Signing DKMS modules #11
Description
Since the version 5.4, Linux kernel has lockdown enabled by default when SecureBoot is enabled. Therefore, we have to sign all modules to successfully boot the system. There are plenty of tutorials how to do it with MOK keys and mokutils; however, virtually none of the blogposts and tutorials mention the need to use Shim to provide MOK key validation wrapper in EFI.
When using the SecureBoot in the user mode, we do not need MOK, we just need to sign the modules using DB keys the Sicherboot generates. Therefore, there should be a hook to do this automatically for the modules of the installed kernels.
I tried this for Virtualbox modules built by DKMS in Debian, and it seems to work just fine. I used the following script:
#!/bin/sh -e
# /etc/kernel/postinst.d/dkms-sign-modules
version="$1"
module_dir="/lib/modules/$version/updates/dkms"
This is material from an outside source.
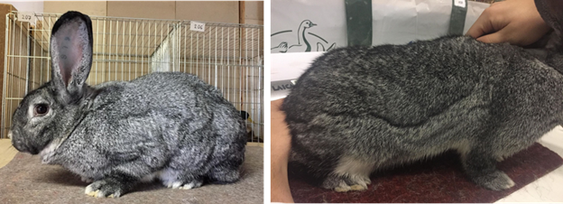 The exterior deficiencies typically observed in most evaluated medium breeds involved less dense and elastic coat. Especially in BLS (19.8%) and in the group of Vienna breeds (16.8%), the coat was uneven and less elastic. In 7.1% of BLS and in 9.6% of ChG breed, uneven and less elastic coat was observed, particularly in young individuals. Longer or inflexible coat was a typical defect in Vienna whites. In the small group of Vienna rabbits and ChG, the coat was longer, softer and completely non-elastic with more pronounced hairs (Figure 3 & 4). On the other hand, many of BLS (21.1%), ChG (17.6%) and VB (14.7%) rabbits had a very good texture and density of the coat (Table 3).

sign_file="/lib/modules/$version/build/scripts/sign-file"
if [ -z "$version" ]
then
echo "Usage: $0 version" >&2
exit 1
fi
if ! [ -x "$sign_file" ]
then
echo "Missing sign_file binary: $sign_file" >&2
exit 1
fi
echo "" >&2
echo "Signing DKMS kernel modules ..." >&2
echo "Using $sign_file" >&2
find "$module_dir" -type f -name "*.ko" \
-fprint /dev/stderr \
-exec "$sign_file" sha256 /etc/sicherboot/keys/db.key /etc/sicherboot/keys/db.cer '{}' \;
echo "Signing DKMS kernel modules ... done." >&2
echo "" >&2This script is wrong, untested, and probably does the signing in the wrong place. But it does the trick.